EXERCISE INSTRUCTIONS:
Retype all of the data word for word, without pictures.

GIVEN MATERIAL:
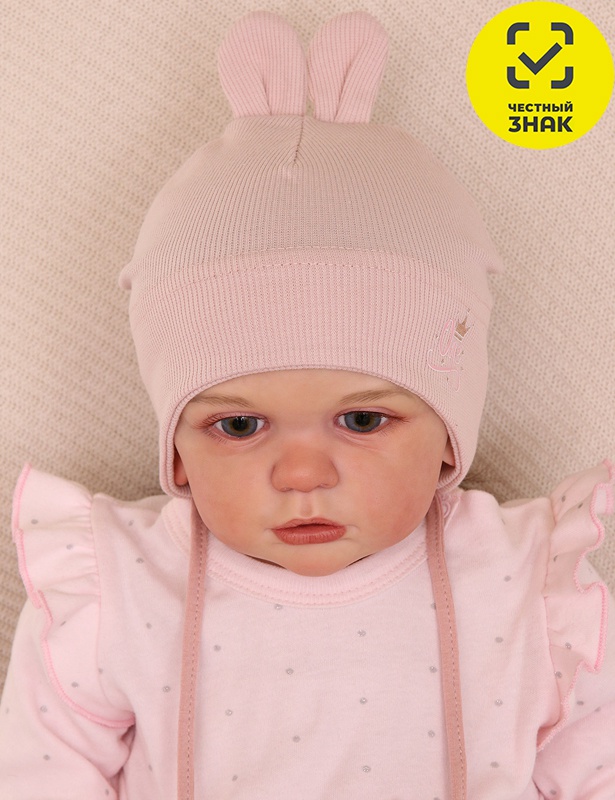Шапочка для девоки на сезон осень-весна, с завязками и отворотом, декорирована ушками.
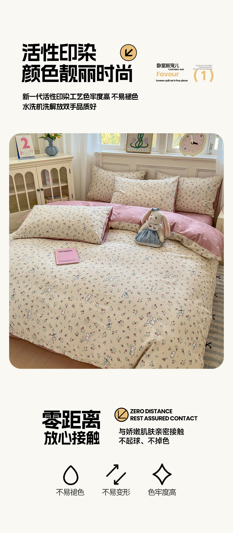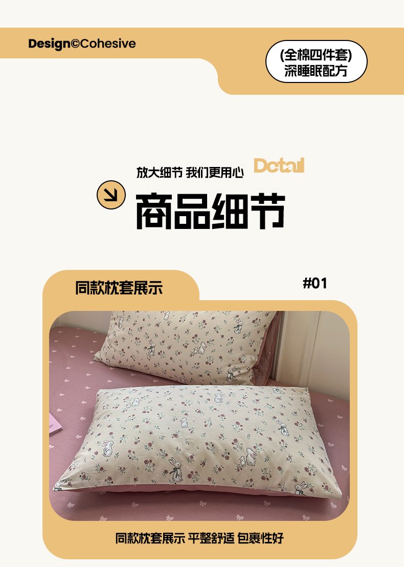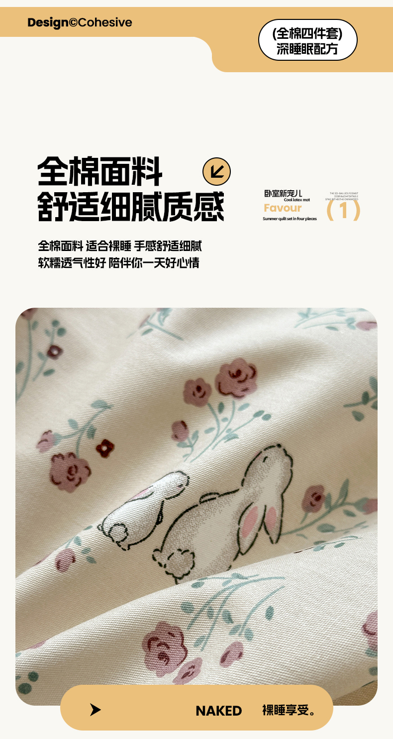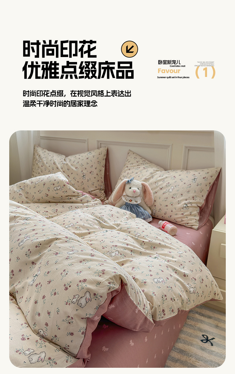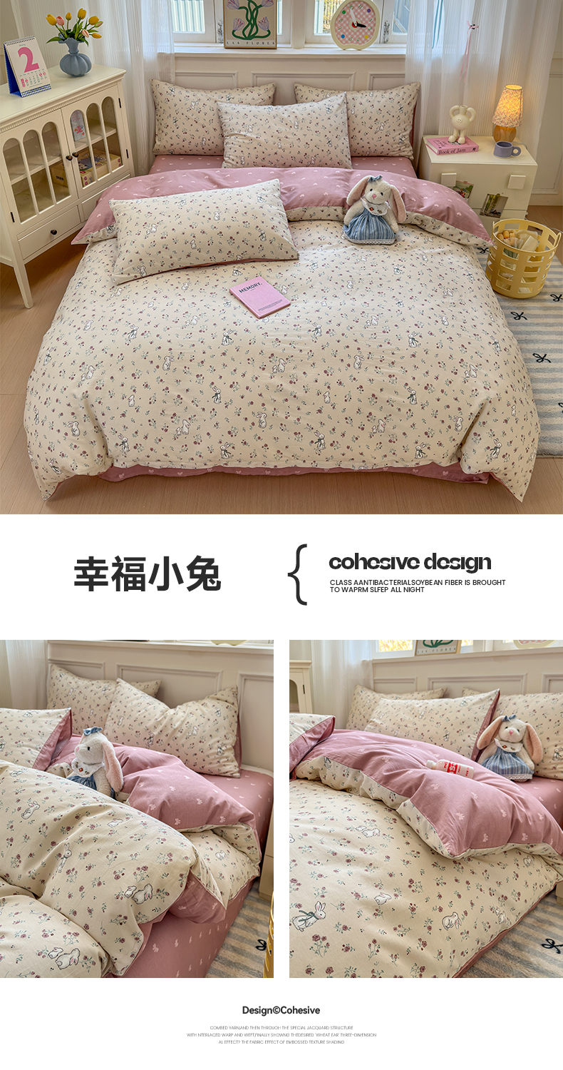 商品名称:沐棉家居 2025新款全棉印花四件套 幸福小兔
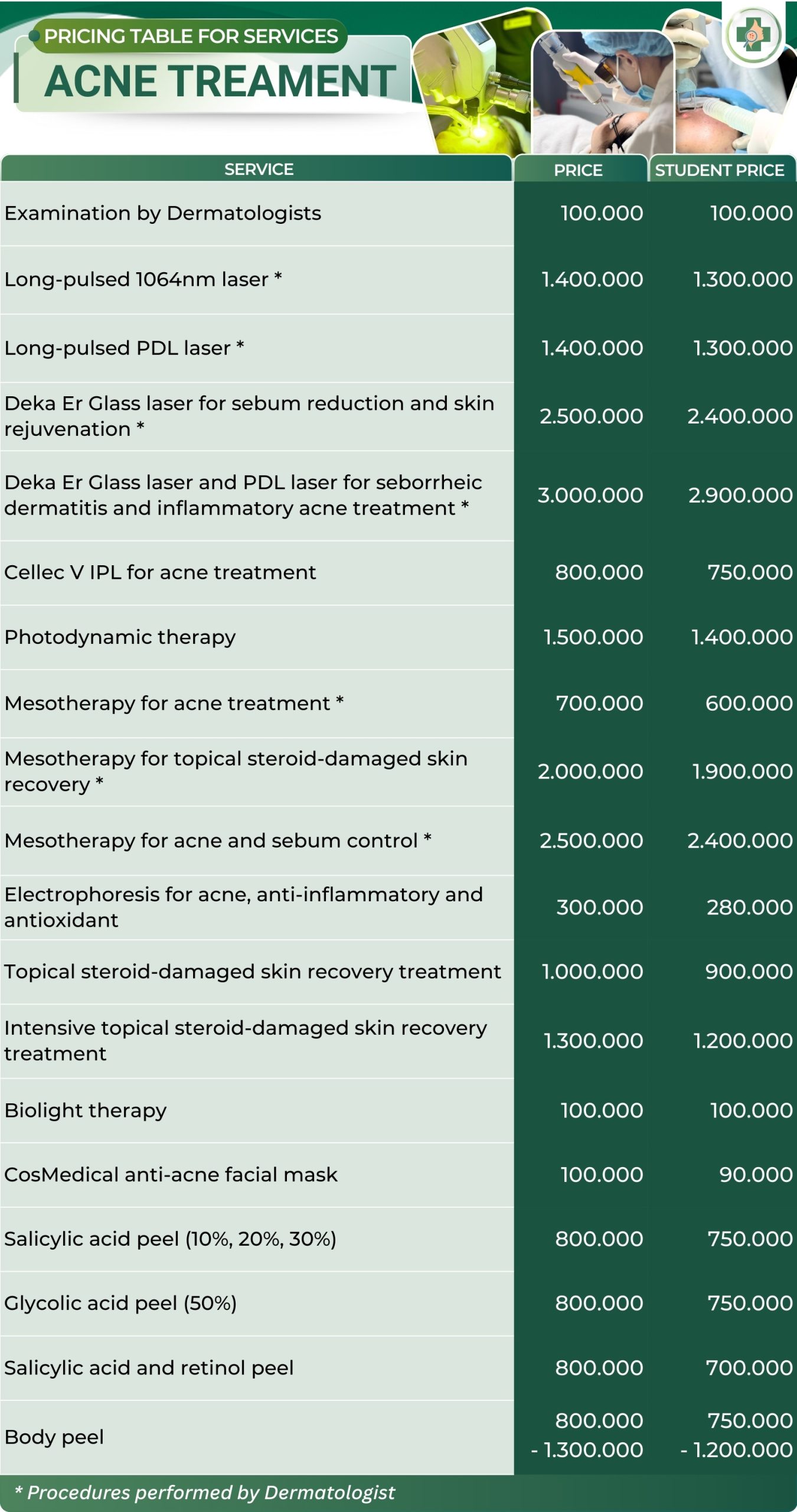 Doctor Acnes Medical Clinic is constantly researching to enhance treatment procedures following international guidelines of American Dermatology Association, Singapore Dermatology Association, and Vietnamese Ministry of Health. We insist on bringing evidence-based science to dermatology in a methodical and medical manner.
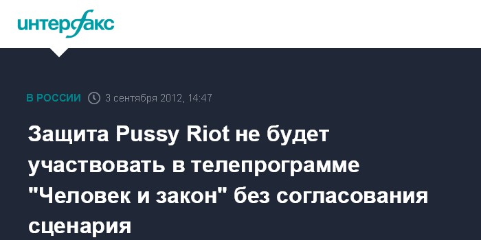 Москва. 3 сентября. INTERFAX.RU - Защита участниц Pussy Riot обуславливает возможность своего участия в телепрограмме "Человек и закон" предварительным согласованием сценарного плана. Об этом сообщил "Интерфаксу" адвокат Николай Полозов.

ANSWER SECTION:
Шапочка для девоки на сезон осень-весна, с завязками и отворотом, декорирована ушками.
 商品名称:沐棉家居 2025新款全棉印花四件套 幸福小兔
 Doctor Acnes Medical Clinic is constantly researching to enhance treatment procedures following international guidelines of American Dermatology Association, Singapore Dermatology Association, and Vietnamese Ministry of Health. We insist on bringing evidence-based science to dermatology in a methodical and medical manner.
 Москва. 3 сентября. INTERFAX.RU - Защита участниц Pussy Riot обуславливает возможность своего участия в телепрограмме "Человек и закон" предварительным согласованием сценарного плана. Об этом сообщил "Интерфаксу" адвокат Николай Полозов.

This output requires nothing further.